§ **EXERCISE DIRECTIONS**
Please repeat exactly the lines from the one containing "ITALIAN STATES: SARDINIA;" to the end of the entries below, both included, and omit all pictures.
►
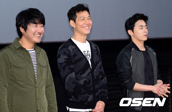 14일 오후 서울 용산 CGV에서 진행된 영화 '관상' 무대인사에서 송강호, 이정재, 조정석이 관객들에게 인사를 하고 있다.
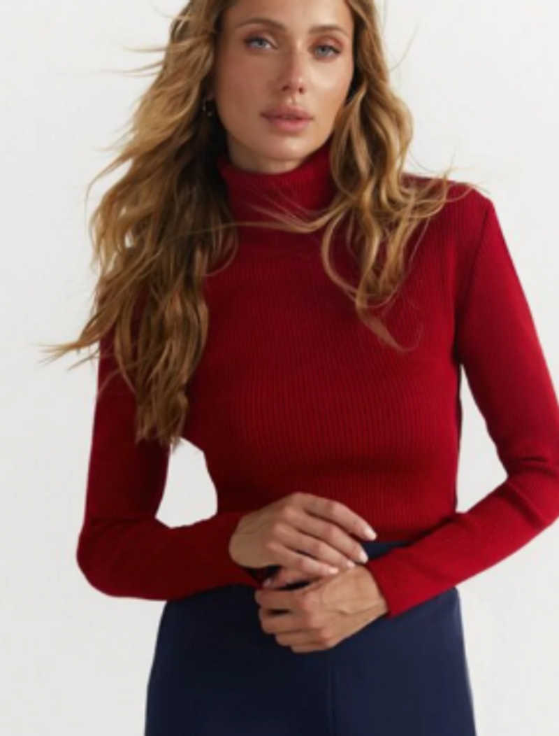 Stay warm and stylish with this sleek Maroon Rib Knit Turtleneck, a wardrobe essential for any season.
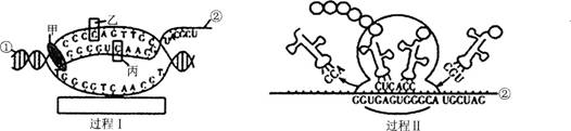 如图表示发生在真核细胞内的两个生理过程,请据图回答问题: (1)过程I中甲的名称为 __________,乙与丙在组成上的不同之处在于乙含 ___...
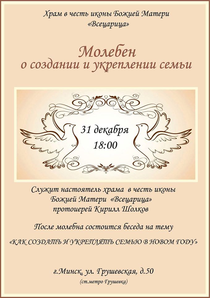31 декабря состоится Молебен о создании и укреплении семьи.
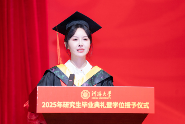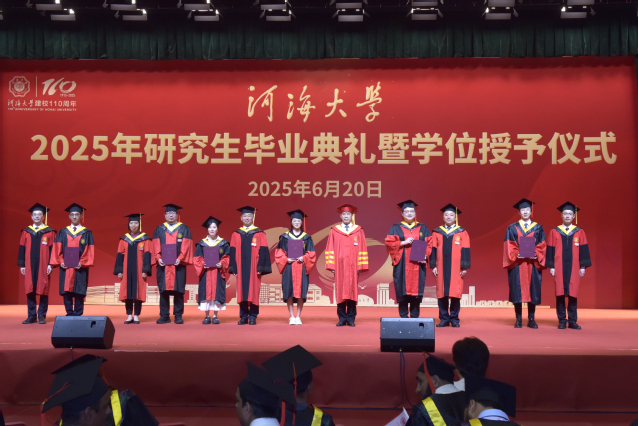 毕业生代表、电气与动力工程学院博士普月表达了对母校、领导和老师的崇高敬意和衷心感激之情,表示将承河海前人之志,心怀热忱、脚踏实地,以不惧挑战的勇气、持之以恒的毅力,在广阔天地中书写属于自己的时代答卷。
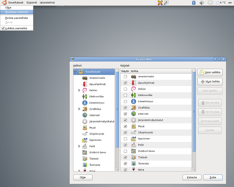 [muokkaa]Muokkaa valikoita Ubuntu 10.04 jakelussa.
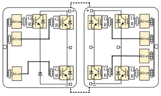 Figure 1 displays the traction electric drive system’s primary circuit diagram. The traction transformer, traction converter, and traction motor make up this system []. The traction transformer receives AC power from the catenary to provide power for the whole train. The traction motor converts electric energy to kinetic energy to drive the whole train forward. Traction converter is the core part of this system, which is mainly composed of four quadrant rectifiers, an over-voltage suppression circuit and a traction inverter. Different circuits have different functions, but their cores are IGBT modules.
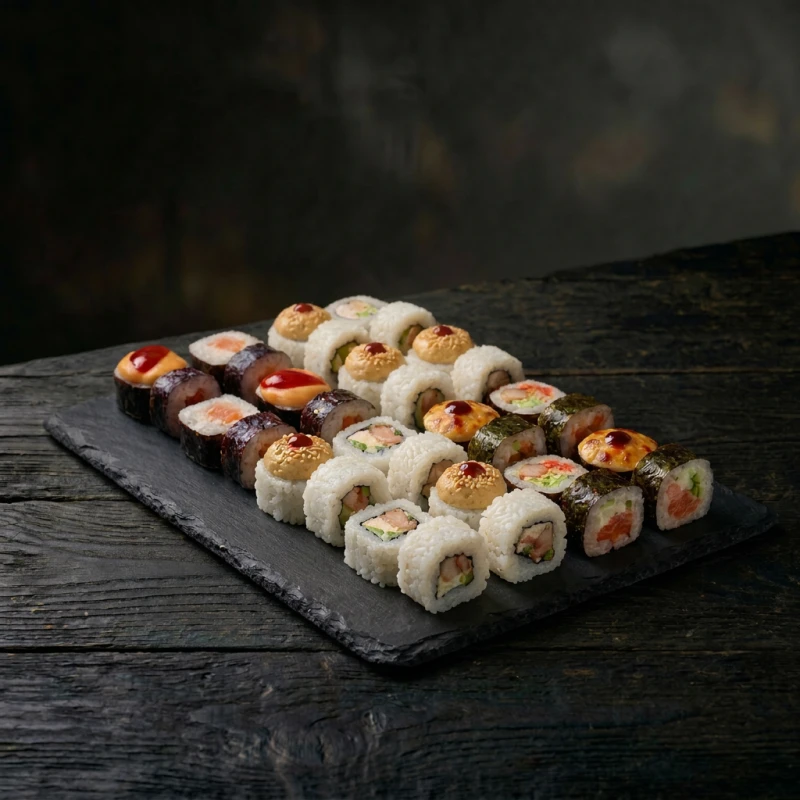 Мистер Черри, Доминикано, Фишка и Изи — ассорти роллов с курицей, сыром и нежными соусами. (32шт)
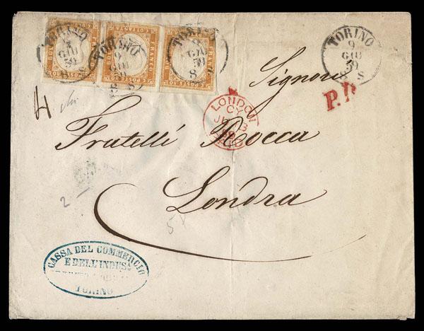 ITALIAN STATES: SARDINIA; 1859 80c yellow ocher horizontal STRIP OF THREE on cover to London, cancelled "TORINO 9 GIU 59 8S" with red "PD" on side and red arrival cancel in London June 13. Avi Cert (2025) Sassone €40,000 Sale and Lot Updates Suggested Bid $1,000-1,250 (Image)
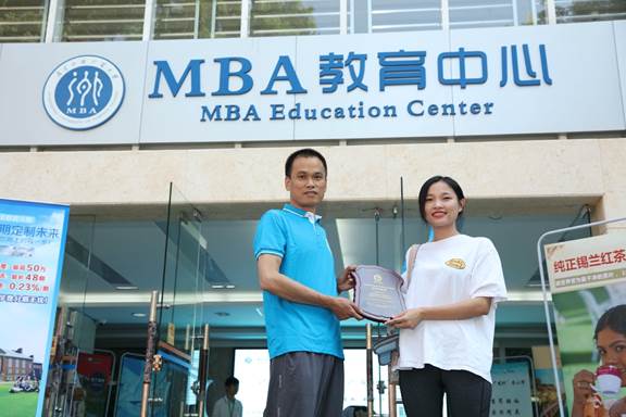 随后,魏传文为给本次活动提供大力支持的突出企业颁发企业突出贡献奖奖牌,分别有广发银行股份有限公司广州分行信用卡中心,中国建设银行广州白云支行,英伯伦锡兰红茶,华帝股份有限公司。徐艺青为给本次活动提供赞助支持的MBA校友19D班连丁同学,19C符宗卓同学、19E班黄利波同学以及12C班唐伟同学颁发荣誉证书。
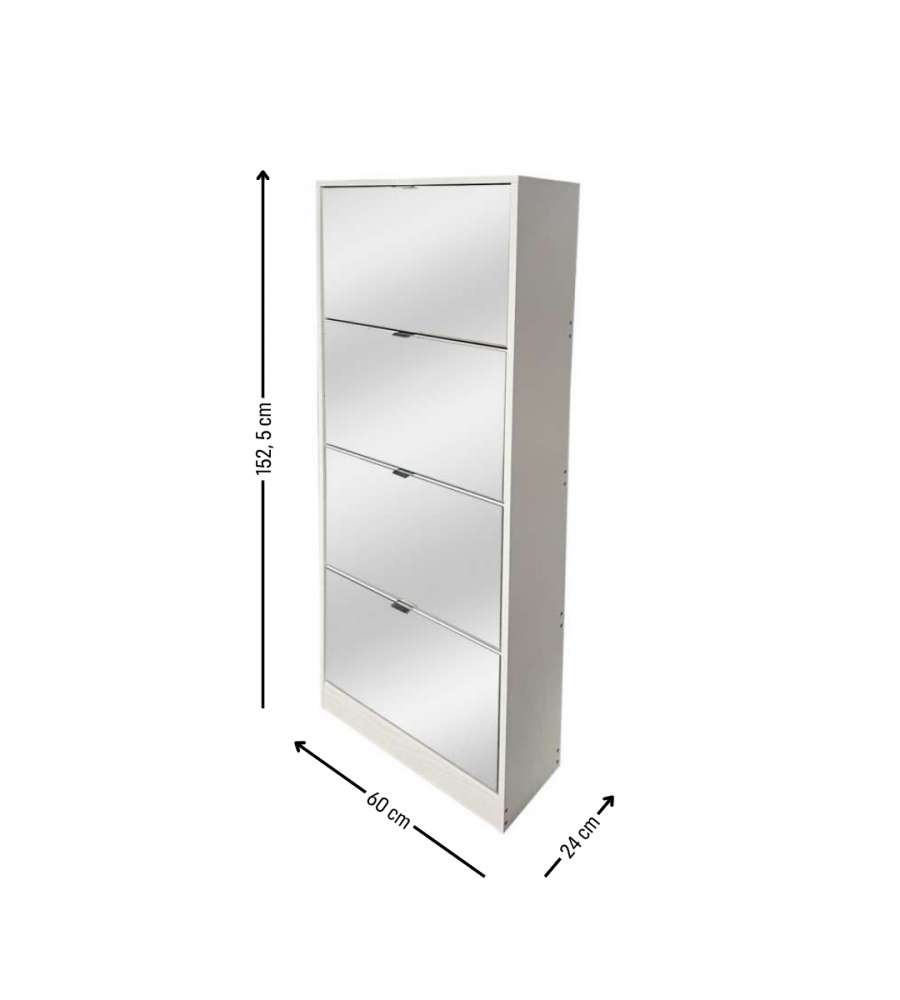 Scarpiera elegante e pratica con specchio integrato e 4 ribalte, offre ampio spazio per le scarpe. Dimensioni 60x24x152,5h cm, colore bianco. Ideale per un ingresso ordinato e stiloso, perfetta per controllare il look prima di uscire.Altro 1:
◄
§ **RESPONSE FOR THIS EXERCISE**
 ITALIAN STATES: SARDINIA; 1859 80c yellow ocher horizontal STRIP OF THREE on cover to London, cancelled "TORINO 9 GIU 59 8S" with red "PD" on side and red arrival cancel in London June 13. Avi Cert (2025) Sassone €40,000 Sale and Lot Updates Suggested Bid $1,000-1,250 (Image)
 随后,魏传文为给本次活动提供大力支持的突出企业颁发企业突出贡献奖奖牌,分别有广发银行股份有限公司广州分行信用卡中心,中国建设银行广州白云支行,英伯伦锡兰红茶,华帝股份有限公司。徐艺青为给本次活动提供赞助支持的MBA校友19D班连丁同学,19C符宗卓同学、19E班黄利波同学以及12C班唐伟同学颁发荣誉证书。
 Scarpiera elegante e pratica con specchio integrato e 4 ribalte, offre ampio spazio per le scarpe. Dimensioni 60x24x152,5h cm, colore bianco. Ideale per un ingresso ordinato e stiloso, perfetta per controllare il look prima di uscire.Altro 1:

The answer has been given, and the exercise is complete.